When it comes to budgeting for retirement, your goal should be to calculate how much money you’ll need each year during retirement. For most people, that means figuring out how much money they think they’ll need during the first year of retirement, and then making a small percentage adjustment to that amount each preceding year.
After all, this is an important calculation. Nearly all retirement calculators rely on this figure to estimate how much money you’ll need to save for retirement. So getting it wrong could be very costly during your precious retirement years. Underestimating costs could mean living in fear of running out of money, and overestimating could mean that you don’t get to retire as early as you could have.

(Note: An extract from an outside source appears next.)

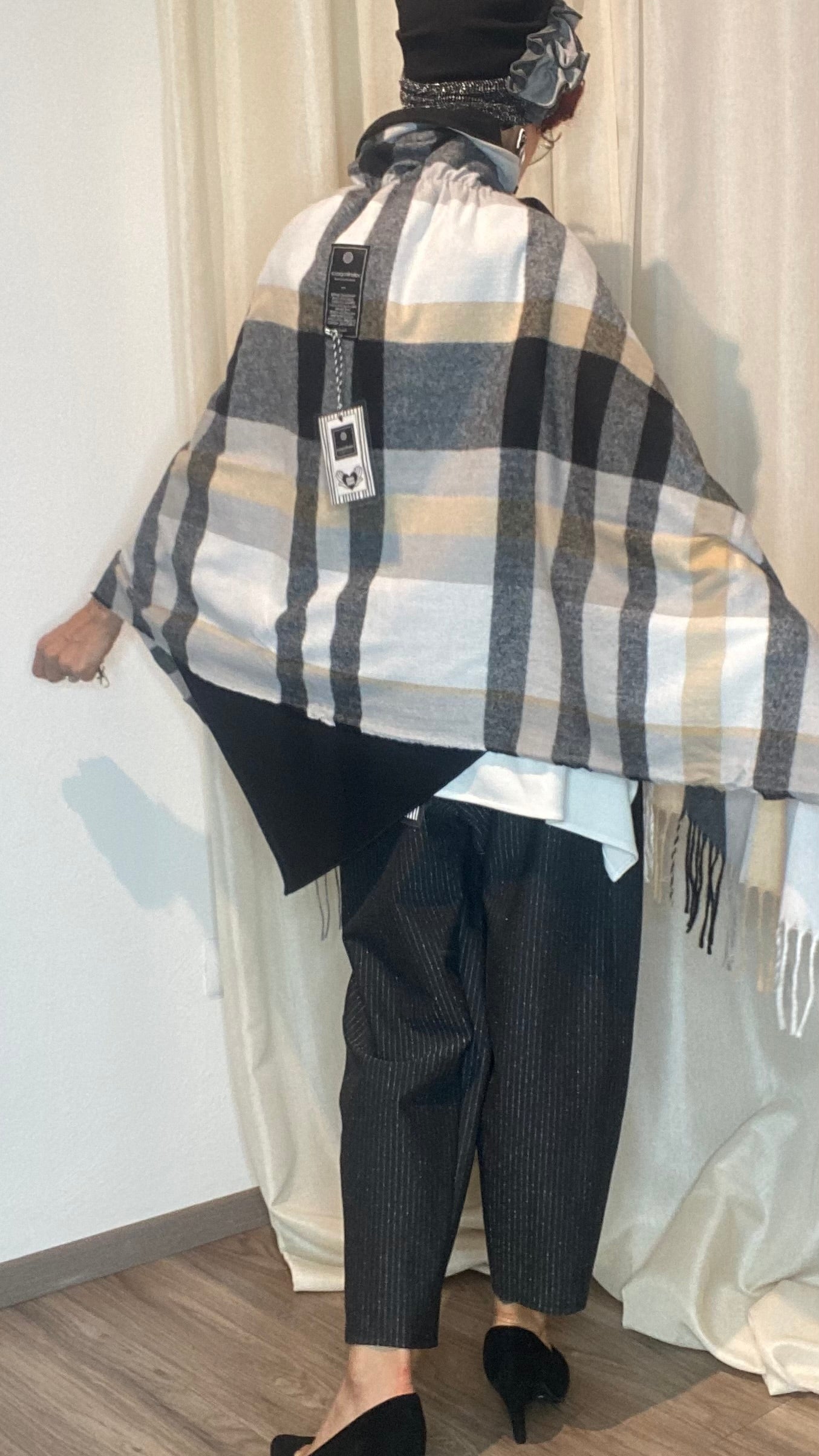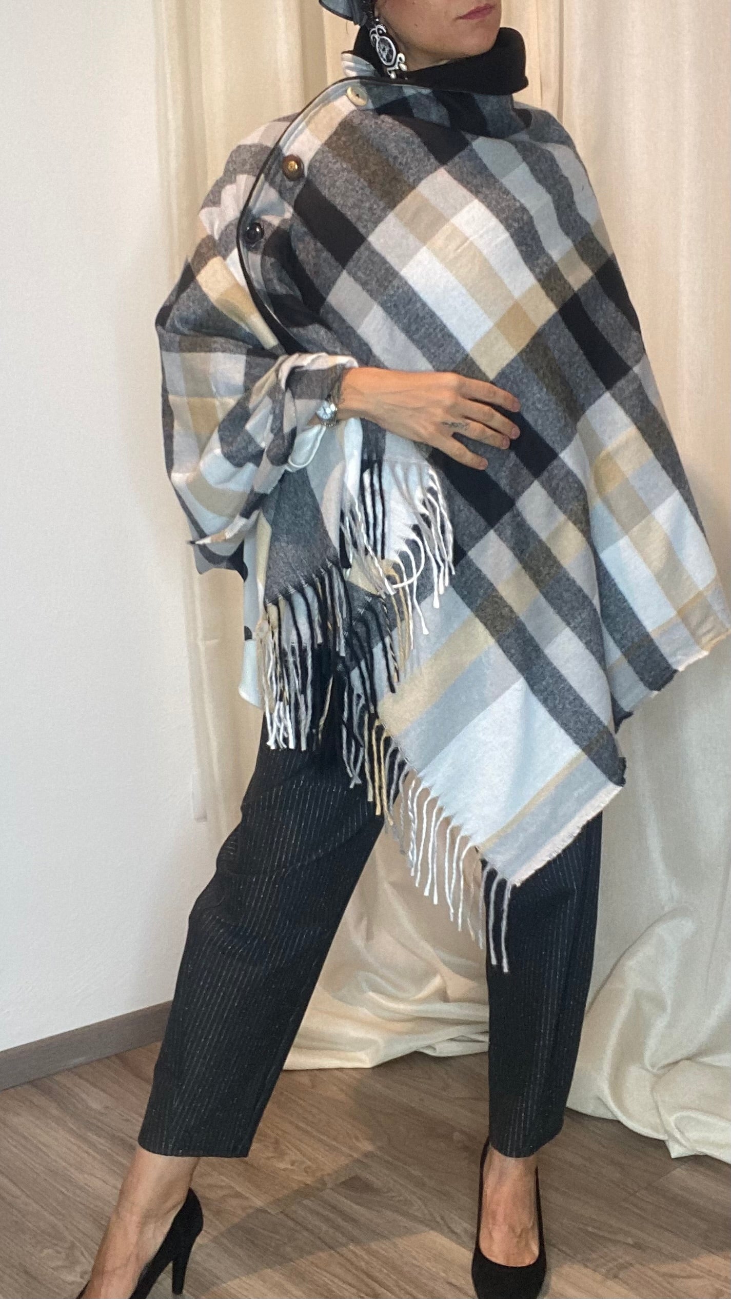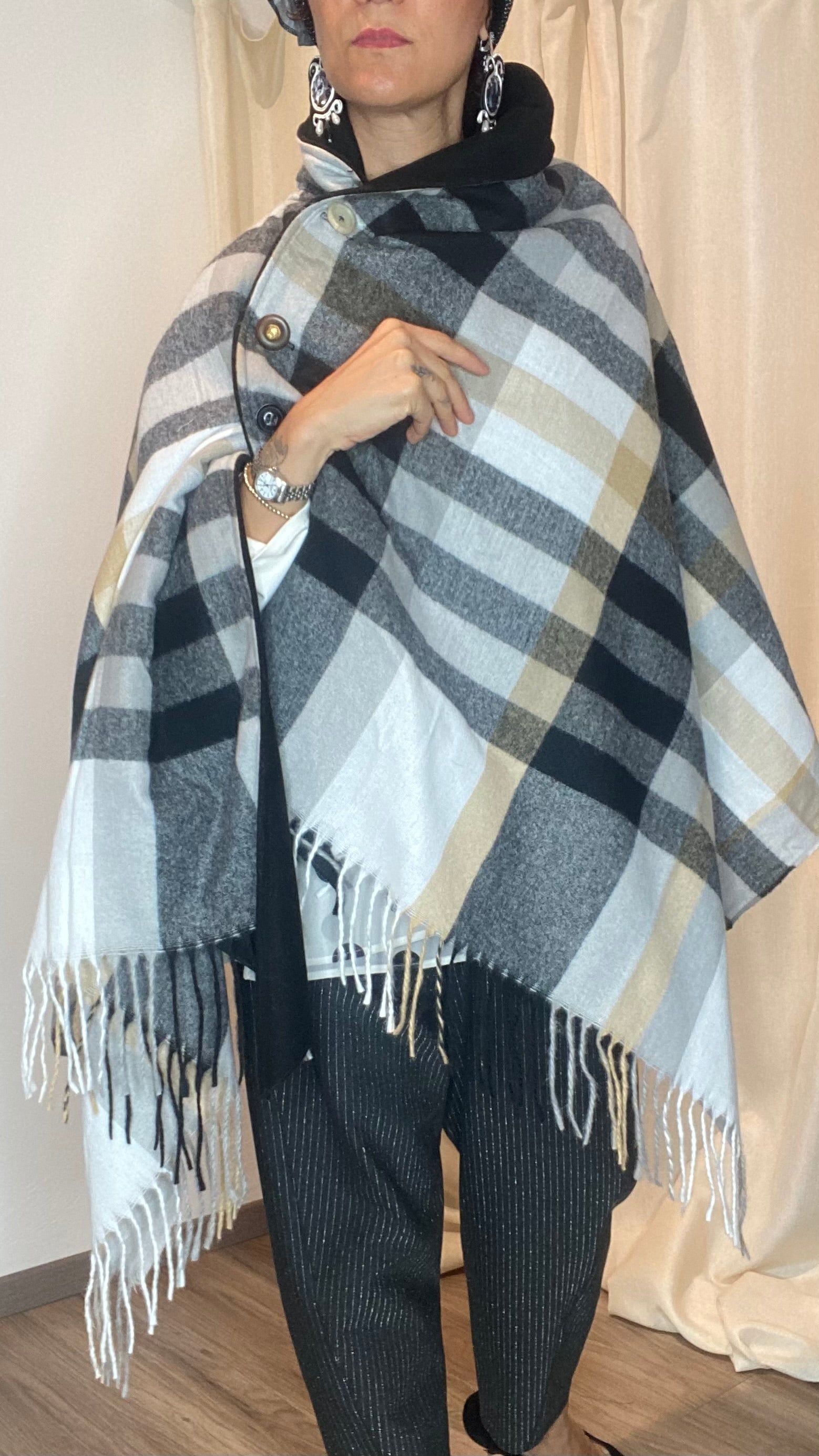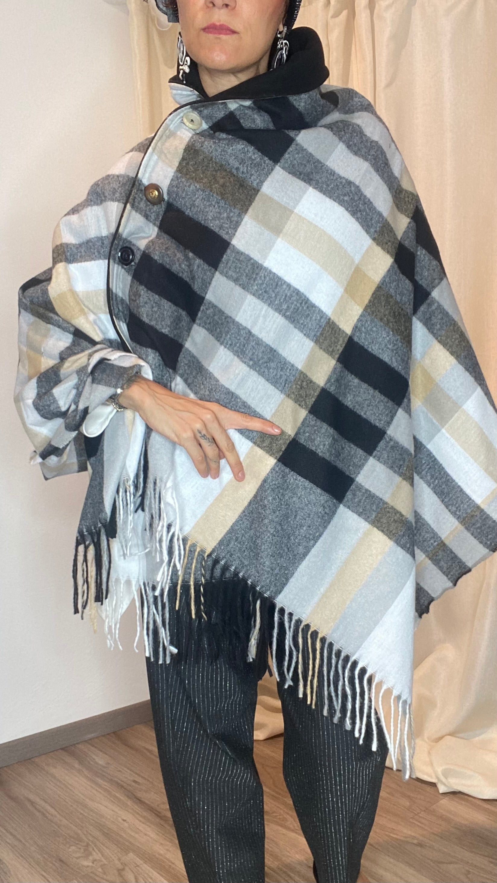Mantella caldissima in lana cotta con parte superiore in tessuto misto con frange, collo arricciato e abbottonatura laterale. Da indossare da sola, su un cappotto o sopra un piumino. Taglia unica, veste dalla tg 38 alla 50.

There are many different methods that people use to arrive at a retirement budget figure. According to a recent study from the Employee Benefit Research Institute, workers used the following methods to determine how much they needed to budget for living expenses during retirement:
- Guess the amount – 42% of people just guess how much they will need each year during retirement
- Use an adviser – 21%
- Make their own estimate – 21%
- Read or hear about how much they need – 9%
- Use an online retirement calculator – 7%
- Base their expenses on current lifestyle and expenses – 5%
- Fill out a retirement worksheet – 5%
Look at the list of ways that people determined this figure. Do you see anything that looks funny? To me, it seems ludicrous that only five percent of people base their retirement income on their current lifestyle! In fact, only a about 12% of people even use any type of calculator or worksheet to help them figure out what they’ll need.
Even more suprising is that the vast majority of people actually guess how much money they’ll need!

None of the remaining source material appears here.